Twitter Hires Employees to read your Data
In San Francisco, Project Veritas released undercover footage of Twitter employees and engineers admitting that they have employees to view all the private messages. The messages get saved on their servers which they analyze to create a virtual profile on those people to sell to advertisers later on. Twitter engineer Clay Haynes stated that on January 6, 2018 during a meeting, Twitter hired hundreds of employees to look at the private messages.
Clayton said, “ There’s teams dedicated to it, we’re talking, we’re talking three or four… at least, three or four hundred people… yes they are paid to look at [genital] pics”
Another employee Pranay Singh stated, “ Everything you send is stored on my server… so all your sex messages and you, (sic) like, [genital] pics are on my server now.”
“All of your illegitimate wives and, like, all of the girls you’ve been f***ing around with, they’re are (sic) on my server… I’m going to send it to your wife, she’s going to use it in your divorce.”
“So what happens is like, you like, write something or post something online they never go away… because even after you send them, people are like analyzing them, to see what you are interested in, to see what you are talking about. And they sell that data.”
Software expert Mihai Florea stated, “ To actually charge the advertisers the money we have to prove it was you and that’s why using email address or like a cookie or something that can track you.”
“You’re paying for the right to use our website with your data basically.”
People who don’t even have Twitter accounts have their data stored in their databases. “You leak way more information than you think. Like, we have information from people-like, if you go to Twitter for the first time, we have information on you.”
Haynes expressed his feeling of discomfort by saying, “ It is a creepy big brother.
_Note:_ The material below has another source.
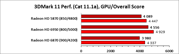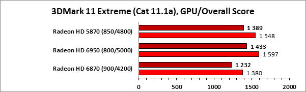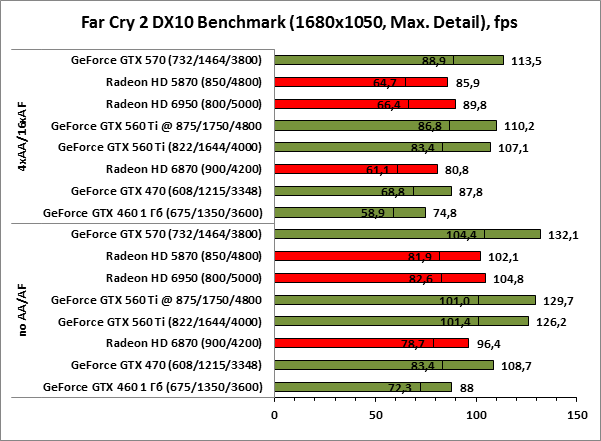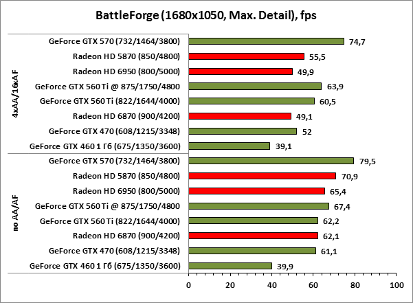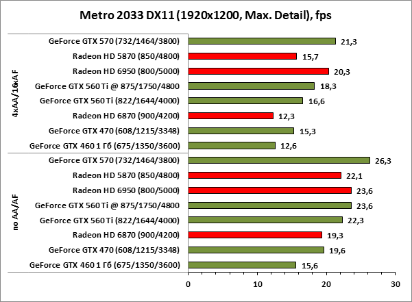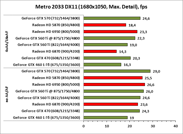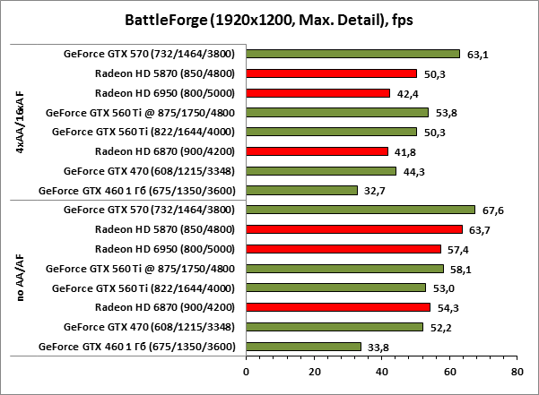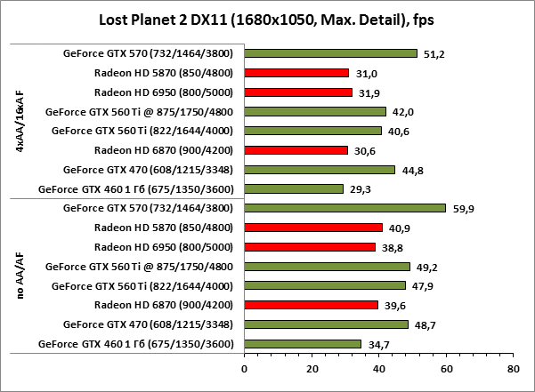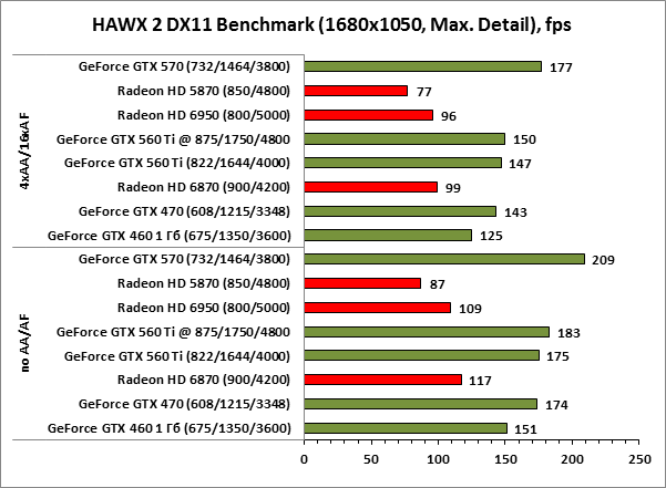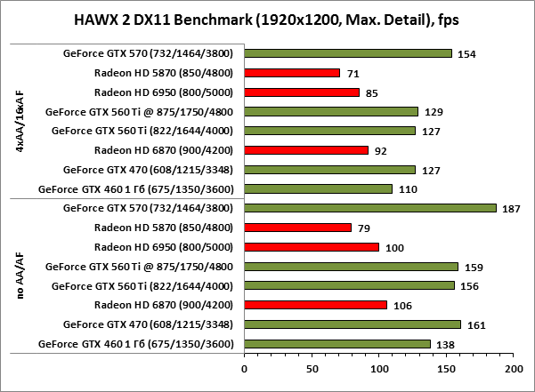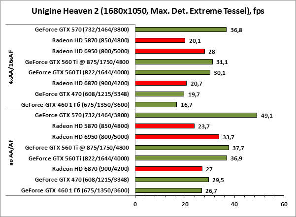Благодаря усиленному блоку тесселяции Radeon HD 6950 заметно опережает своего соратника Radeon HD 5870, однако GeForce GTX 560 Ti всё же оказывается немного быстрее. В большей степени это заметно в разрешении 1680x1050, а при переходе к 1920x1200 разница между результатами этих ускорителей практически стирается.

It’s like a level… I don’t want to say it freaks me out, but it disturbs me.”
Afterwards, Haynes was asked if this could leak from Twitter and he responded with “Oh yeah, and it’s a genie out of the bottle kind of thing after that point. You know? Sure, I can fire them. Heck, I could probably even sue them, in some cases. But the genie’s already out of the bottle. Like, how do actually (sic) recoup costs… you can’t calculate the cost of the damage.”